REQUIREMENT. What you return must be an exact copy of the lines in the listing below between the line holding "贴乙巳年邮票的国际水陆路退件研究" and the line holding "Носки женские короткие", inclusive, and nothing more.
____ DATA PROVIDED
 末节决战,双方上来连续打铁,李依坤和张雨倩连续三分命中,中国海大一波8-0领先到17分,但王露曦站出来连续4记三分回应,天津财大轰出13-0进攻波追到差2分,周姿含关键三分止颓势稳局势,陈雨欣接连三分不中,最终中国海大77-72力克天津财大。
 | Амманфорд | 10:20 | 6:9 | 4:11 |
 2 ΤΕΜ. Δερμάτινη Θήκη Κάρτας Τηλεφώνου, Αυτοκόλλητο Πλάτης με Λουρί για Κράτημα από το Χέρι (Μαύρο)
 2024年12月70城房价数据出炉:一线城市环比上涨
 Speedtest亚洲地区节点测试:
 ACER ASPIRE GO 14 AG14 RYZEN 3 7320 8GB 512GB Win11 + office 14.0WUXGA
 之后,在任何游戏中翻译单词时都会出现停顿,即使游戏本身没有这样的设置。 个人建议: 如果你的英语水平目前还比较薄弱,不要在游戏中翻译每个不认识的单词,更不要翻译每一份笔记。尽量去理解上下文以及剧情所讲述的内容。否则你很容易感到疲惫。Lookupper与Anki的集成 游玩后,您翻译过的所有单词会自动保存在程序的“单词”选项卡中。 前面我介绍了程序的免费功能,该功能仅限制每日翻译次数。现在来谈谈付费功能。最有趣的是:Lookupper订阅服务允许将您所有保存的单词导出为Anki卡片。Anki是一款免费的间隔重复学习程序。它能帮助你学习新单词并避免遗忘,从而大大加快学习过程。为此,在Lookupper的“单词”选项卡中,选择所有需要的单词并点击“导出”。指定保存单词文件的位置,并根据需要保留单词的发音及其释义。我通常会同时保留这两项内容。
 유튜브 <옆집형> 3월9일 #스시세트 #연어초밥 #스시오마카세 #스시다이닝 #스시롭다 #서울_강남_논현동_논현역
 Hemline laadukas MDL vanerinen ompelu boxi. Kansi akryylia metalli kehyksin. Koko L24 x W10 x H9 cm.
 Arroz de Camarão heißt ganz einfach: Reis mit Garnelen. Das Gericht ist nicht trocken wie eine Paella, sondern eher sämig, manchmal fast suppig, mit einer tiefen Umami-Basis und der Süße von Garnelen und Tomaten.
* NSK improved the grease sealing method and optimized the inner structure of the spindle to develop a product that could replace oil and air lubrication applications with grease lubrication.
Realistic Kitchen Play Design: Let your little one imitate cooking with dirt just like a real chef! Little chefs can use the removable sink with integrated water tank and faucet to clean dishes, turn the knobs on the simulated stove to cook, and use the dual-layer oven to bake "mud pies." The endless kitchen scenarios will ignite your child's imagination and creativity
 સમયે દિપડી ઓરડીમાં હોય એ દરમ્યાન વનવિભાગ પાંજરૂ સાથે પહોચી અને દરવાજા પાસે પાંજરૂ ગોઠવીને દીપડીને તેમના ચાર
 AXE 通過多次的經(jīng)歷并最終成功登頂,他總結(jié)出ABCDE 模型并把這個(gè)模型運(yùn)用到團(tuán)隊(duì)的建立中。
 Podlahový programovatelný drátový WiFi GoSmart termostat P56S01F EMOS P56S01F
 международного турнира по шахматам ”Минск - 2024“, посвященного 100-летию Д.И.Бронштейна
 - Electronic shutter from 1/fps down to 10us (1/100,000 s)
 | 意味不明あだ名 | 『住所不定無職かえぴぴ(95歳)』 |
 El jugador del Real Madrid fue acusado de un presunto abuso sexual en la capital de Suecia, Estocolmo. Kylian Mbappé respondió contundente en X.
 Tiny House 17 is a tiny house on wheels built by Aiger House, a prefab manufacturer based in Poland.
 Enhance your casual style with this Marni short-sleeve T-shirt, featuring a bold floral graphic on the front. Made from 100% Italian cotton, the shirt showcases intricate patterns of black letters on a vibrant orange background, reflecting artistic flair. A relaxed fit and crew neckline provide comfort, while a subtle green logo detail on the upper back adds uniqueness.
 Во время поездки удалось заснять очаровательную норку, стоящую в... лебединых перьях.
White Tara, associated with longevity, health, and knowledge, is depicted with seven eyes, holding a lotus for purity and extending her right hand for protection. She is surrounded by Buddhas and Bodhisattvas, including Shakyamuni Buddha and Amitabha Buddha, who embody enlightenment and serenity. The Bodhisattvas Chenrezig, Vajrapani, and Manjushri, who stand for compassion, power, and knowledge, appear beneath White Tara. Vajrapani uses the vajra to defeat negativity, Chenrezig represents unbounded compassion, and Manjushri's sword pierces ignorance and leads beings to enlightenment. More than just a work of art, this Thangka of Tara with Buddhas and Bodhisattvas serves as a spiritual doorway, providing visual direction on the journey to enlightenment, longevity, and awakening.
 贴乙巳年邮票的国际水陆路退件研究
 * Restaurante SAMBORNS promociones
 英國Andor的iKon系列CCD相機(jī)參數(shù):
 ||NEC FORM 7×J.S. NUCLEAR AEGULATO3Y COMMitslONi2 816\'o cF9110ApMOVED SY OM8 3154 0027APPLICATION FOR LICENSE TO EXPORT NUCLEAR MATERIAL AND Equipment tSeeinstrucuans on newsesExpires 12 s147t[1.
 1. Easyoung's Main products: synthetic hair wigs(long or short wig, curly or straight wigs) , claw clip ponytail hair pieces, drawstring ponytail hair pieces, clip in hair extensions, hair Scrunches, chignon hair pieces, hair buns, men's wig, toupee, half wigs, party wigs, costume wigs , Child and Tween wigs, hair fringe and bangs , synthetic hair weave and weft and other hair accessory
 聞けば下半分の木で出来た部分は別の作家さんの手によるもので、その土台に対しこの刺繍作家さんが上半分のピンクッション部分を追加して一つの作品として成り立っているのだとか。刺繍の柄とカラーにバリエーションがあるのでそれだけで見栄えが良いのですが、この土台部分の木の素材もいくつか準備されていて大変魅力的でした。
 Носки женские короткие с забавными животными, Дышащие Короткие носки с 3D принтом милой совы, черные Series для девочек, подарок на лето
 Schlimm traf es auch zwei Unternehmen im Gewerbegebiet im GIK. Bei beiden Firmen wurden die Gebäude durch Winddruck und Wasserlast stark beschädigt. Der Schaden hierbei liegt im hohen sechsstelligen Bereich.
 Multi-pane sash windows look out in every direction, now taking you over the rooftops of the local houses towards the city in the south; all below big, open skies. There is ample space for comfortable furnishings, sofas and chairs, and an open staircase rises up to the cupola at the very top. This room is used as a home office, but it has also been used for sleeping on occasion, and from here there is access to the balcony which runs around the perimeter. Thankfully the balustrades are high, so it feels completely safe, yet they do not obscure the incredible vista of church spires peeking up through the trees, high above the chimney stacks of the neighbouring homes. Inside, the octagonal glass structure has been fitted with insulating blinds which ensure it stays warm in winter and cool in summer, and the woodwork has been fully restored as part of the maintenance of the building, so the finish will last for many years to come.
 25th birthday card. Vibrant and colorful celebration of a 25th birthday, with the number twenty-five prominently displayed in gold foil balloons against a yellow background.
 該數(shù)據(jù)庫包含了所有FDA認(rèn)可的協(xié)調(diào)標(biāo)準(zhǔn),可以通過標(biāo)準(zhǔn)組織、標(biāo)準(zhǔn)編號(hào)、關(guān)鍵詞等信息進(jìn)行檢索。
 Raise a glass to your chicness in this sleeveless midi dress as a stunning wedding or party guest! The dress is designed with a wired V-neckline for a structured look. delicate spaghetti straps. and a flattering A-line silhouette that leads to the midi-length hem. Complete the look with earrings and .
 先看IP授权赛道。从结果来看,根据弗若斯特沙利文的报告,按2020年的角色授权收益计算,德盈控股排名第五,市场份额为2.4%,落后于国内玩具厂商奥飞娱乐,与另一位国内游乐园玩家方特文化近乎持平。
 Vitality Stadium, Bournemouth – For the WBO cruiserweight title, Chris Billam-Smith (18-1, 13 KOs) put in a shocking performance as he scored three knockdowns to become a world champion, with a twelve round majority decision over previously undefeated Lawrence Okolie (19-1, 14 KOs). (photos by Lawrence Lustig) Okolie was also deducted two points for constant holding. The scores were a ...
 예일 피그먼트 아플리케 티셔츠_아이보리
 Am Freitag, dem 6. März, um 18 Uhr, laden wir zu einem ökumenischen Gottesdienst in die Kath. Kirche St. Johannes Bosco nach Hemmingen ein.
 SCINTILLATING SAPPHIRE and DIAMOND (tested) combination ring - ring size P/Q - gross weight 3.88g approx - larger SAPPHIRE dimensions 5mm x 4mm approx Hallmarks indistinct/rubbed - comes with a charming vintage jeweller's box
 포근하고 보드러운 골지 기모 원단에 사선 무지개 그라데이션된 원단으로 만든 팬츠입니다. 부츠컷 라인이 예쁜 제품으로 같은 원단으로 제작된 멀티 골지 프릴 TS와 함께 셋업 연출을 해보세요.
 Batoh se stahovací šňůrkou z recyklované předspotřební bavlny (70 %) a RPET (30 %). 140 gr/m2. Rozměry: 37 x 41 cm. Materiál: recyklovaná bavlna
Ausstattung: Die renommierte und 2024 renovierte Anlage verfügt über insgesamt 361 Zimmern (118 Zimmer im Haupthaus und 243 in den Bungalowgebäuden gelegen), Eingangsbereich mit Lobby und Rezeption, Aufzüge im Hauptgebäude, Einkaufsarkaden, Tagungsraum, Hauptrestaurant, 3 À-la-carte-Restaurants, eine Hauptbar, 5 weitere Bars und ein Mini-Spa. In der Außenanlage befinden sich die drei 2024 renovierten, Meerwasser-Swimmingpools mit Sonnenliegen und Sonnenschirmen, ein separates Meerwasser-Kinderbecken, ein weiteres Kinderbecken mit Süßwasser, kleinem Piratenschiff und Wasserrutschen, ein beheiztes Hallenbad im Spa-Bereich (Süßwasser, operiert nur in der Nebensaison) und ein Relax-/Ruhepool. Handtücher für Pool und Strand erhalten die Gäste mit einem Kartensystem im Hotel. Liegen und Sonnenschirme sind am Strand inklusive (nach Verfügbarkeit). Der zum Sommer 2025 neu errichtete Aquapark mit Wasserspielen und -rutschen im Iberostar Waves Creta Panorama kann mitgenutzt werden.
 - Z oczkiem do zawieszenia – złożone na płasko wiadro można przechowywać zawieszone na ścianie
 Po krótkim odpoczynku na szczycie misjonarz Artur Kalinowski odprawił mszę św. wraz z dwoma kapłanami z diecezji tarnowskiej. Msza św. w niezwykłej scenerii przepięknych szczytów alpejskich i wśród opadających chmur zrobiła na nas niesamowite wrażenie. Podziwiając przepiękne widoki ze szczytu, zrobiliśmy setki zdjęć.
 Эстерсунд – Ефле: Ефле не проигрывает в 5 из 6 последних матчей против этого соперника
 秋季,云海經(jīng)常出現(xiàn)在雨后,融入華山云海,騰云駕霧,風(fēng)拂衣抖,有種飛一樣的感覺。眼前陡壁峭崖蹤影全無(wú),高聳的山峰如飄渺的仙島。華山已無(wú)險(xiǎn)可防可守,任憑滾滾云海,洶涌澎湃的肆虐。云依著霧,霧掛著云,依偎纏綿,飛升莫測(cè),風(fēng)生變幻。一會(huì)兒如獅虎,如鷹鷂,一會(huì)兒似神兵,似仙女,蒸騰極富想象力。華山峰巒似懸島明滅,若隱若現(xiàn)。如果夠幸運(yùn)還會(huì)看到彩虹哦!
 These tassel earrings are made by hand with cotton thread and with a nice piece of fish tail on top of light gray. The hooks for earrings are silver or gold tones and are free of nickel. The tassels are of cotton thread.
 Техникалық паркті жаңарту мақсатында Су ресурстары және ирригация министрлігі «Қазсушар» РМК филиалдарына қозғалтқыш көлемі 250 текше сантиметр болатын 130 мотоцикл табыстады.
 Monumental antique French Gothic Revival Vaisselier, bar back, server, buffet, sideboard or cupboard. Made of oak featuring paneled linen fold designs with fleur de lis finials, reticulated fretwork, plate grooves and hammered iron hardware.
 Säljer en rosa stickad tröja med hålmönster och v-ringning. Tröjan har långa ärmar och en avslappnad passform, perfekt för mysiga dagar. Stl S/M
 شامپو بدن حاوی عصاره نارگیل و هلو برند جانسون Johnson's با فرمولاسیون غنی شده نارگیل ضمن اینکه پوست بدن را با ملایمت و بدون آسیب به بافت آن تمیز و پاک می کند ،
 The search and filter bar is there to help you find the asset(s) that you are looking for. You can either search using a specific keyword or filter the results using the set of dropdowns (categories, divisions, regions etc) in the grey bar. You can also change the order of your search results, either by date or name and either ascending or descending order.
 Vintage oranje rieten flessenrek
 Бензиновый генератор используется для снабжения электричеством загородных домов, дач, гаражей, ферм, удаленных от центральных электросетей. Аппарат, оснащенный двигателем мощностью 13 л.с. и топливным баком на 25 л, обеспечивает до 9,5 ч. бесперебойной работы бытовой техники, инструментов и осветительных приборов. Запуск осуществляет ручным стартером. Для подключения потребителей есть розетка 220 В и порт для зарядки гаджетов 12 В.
________
SOLUTION.
 贴乙巳年邮票的国际水陆路退件研究
 * Restaurante SAMBORNS promociones
 英國Andor的iKon系列CCD相機(jī)參數(shù):
 ||NEC FORM 7×J.S. NUCLEAR AEGULATO3Y COMMitslONi2 816\'o cF9110ApMOVED SY OM8 3154 0027APPLICATION FOR LICENSE TO EXPORT NUCLEAR MATERIAL AND Equipment tSeeinstrucuans on newsesExpires 12 s147t[1.
 1. Easyoung's Main products: synthetic hair wigs(long or short wig, curly or straight wigs) , claw clip ponytail hair pieces, drawstring ponytail hair pieces, clip in hair extensions, hair Scrunches, chignon hair pieces, hair buns, men's wig, toupee, half wigs, party wigs, costume wigs , Child and Tween wigs, hair fringe and bangs , synthetic hair weave and weft and other hair accessory
 聞けば下半分の木で出来た部分は別の作家さんの手によるもので、その土台に対しこの刺繍作家さんが上半分のピンクッション部分を追加して一つの作品として成り立っているのだとか。刺繍の柄とカラーにバリエーションがあるのでそれだけで見栄えが良いのですが、この土台部分の木の素材もいくつか準備されていて大変魅力的でした。
 Носки женские короткие с забавными животными, Дышащие Короткие носки с 3D принтом милой совы, черные Series для девочек, подарок на лето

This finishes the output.